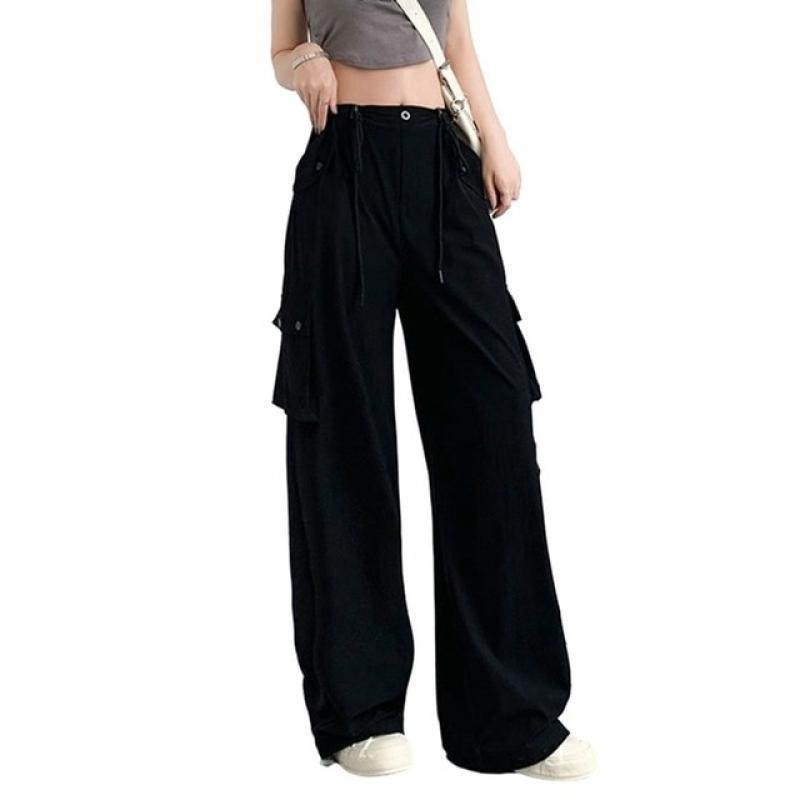 Features:Women Large Pockets Pants Cargo Trousers Loose Casual Pants Trousers
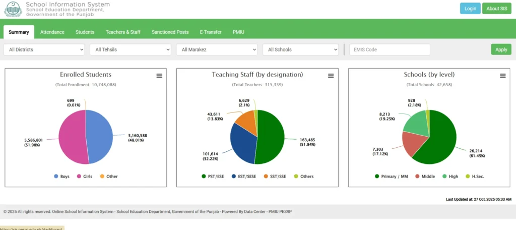 This process is managed through the School Information System (SIS), currently operated under PMIU-PESRP (accessible at https://sis.pesrp.edu.pk), which was earlier developed by the Punjab Information Technology Board (PITB).
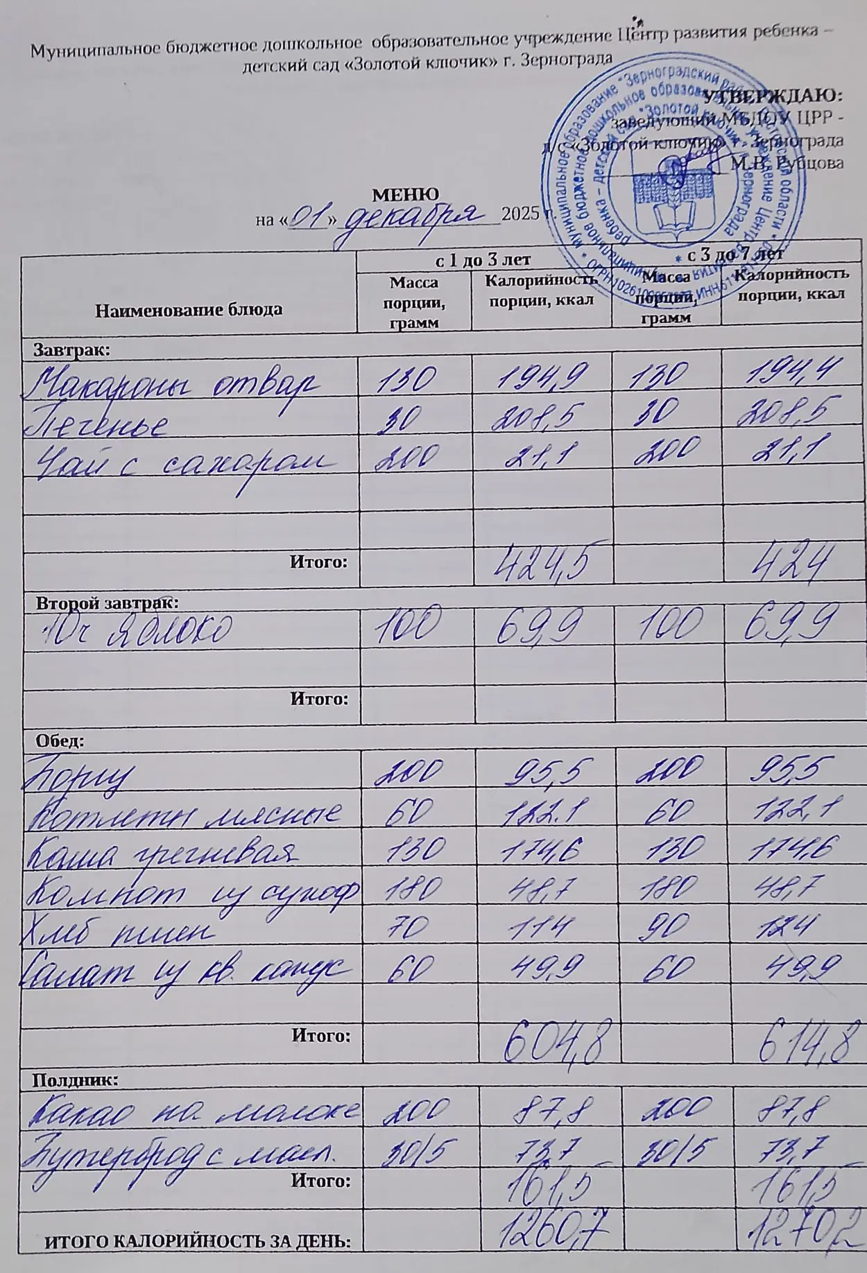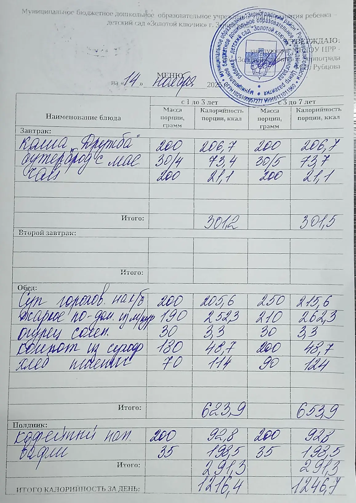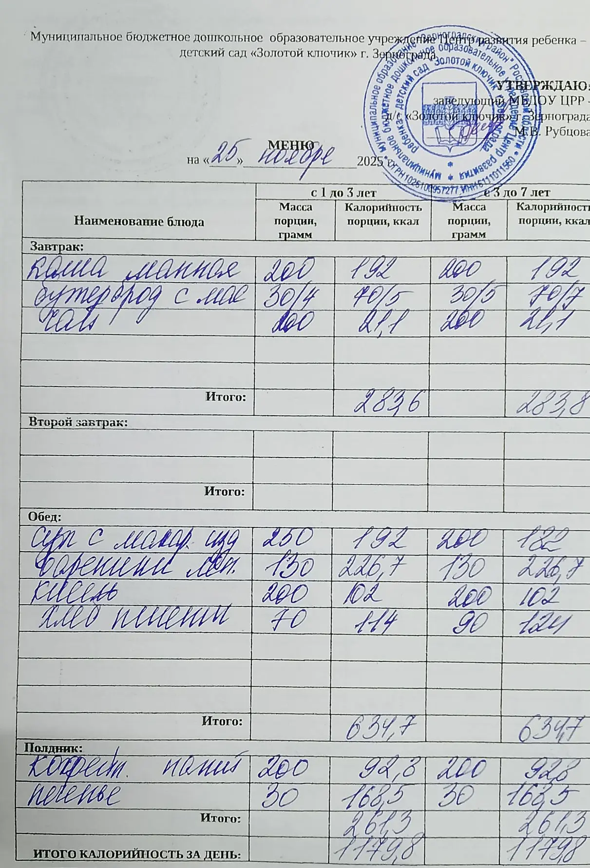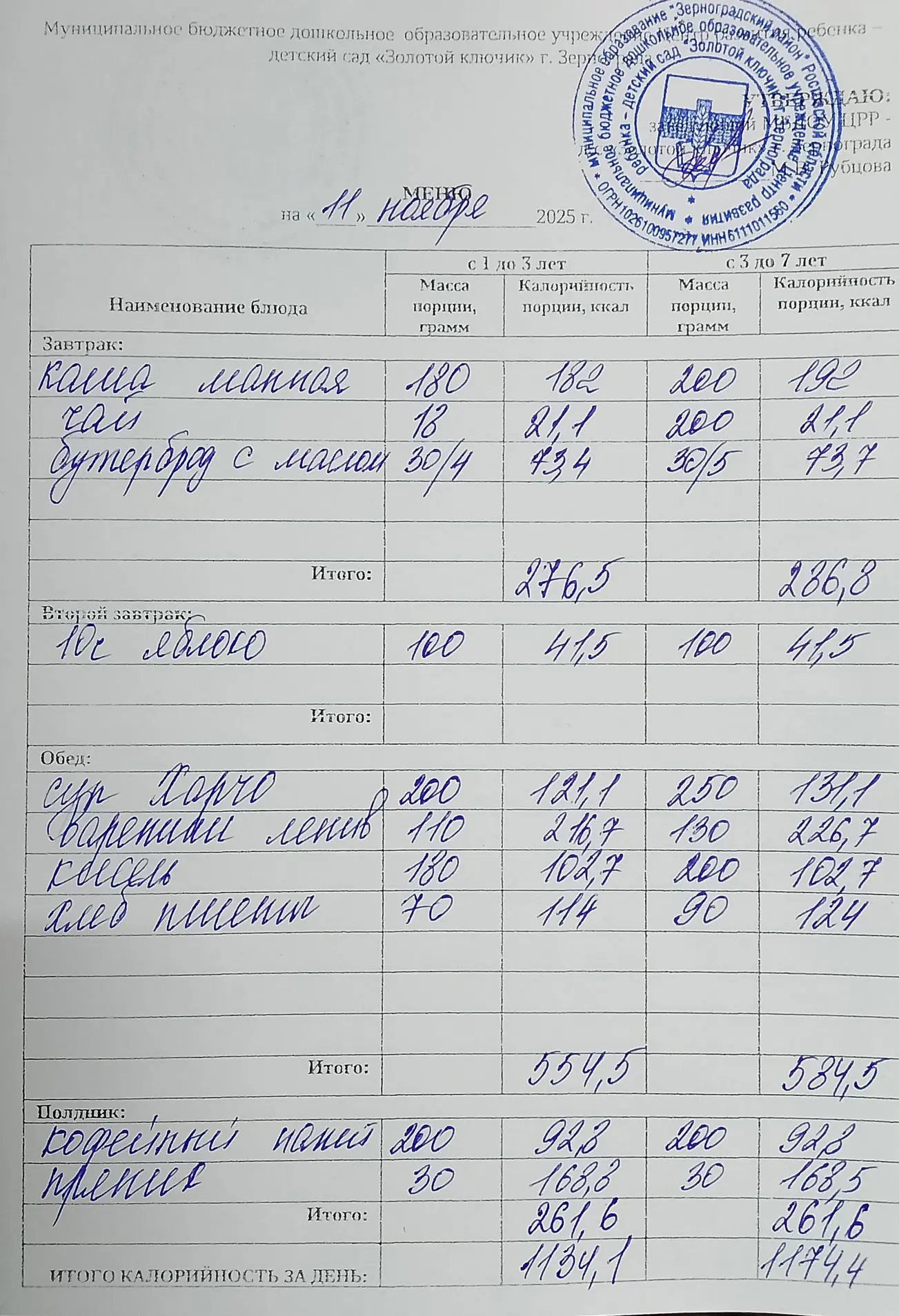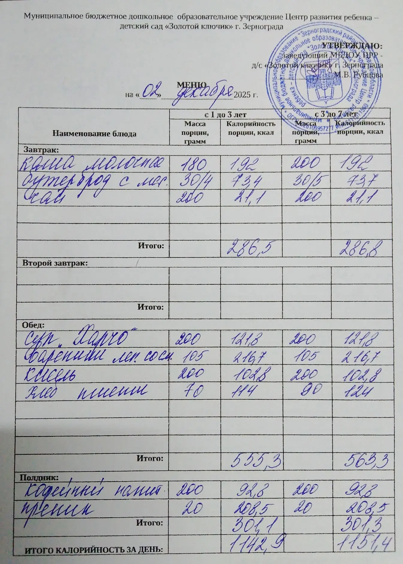 Меню ежедневного горячего питания
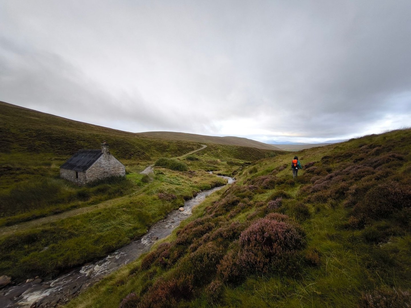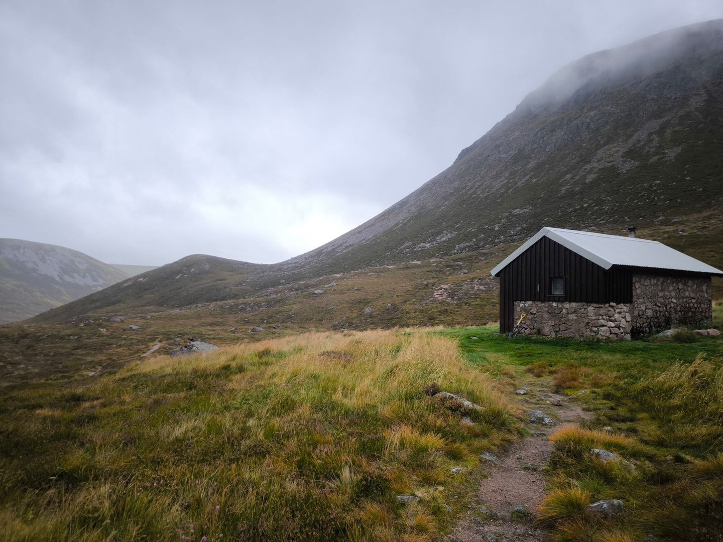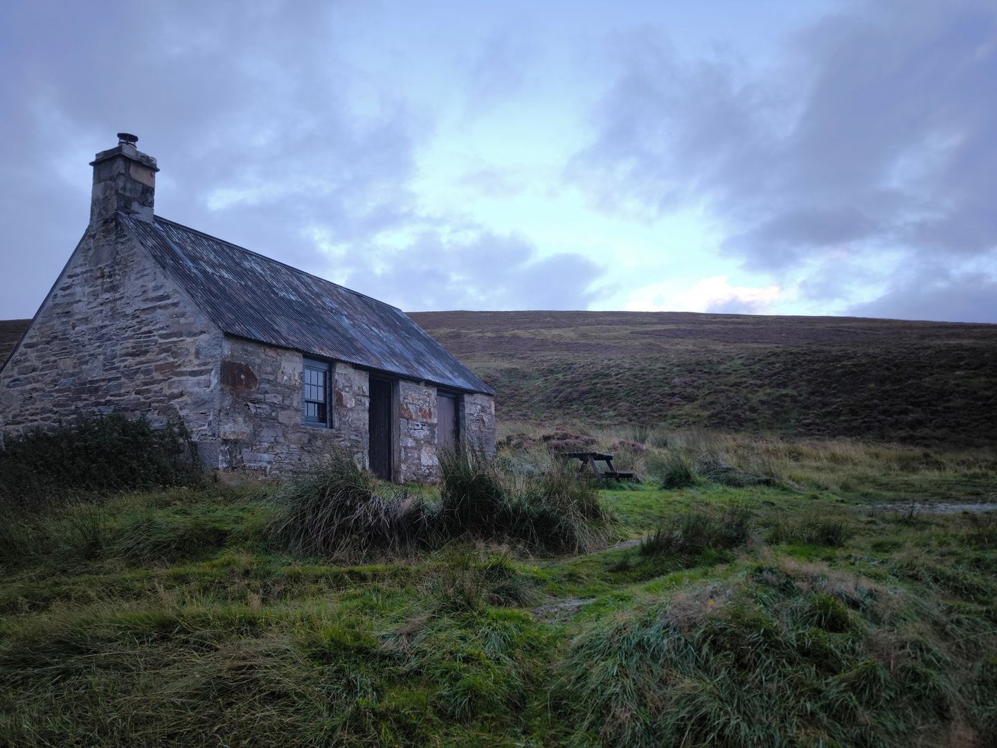 Der restliche Weg war dann geprägt von immer neuen und tieferen Blicken in die weite Landschaft, bis wir schließlich die Bothy erreichten, die tief in einem Einschnitt liegt, wodurch man sie erst sehr spät sieht. Da kurz vor dem Erreichen unseres Tagesziels Regen einsetzte, haben wir es uns dann auch direkt in der kleinen Hütte gemütlich gemacht.

__YOUR GOAL__: Repeat every line of the data above exactly, but drop the pictures.

__RESULT OF THIS EXERCISE__:
 Features:Women Large Pockets Pants Cargo Trousers Loose Casual Pants Trousers
 This process is managed through the School Information System (SIS), currently operated under PMIU-PESRP (accessible at https://sis.pesrp.edu.pk), which was earlier developed by the Punjab Information Technology Board (PITB).
 Меню ежедневного горячего питания
 Der restliche Weg war dann geprägt von immer neuen und tieferen Blicken in die weite Landschaft, bis wir schließlich die Bothy erreichten, die tief in einem Einschnitt liegt, wodurch man sie erst sehr spät sieht. Da kurz vor dem Erreichen unseres Tagesziels Regen einsetzte, haben wir es uns dann auch direkt in der kleinen Hütte gemütlich gemacht.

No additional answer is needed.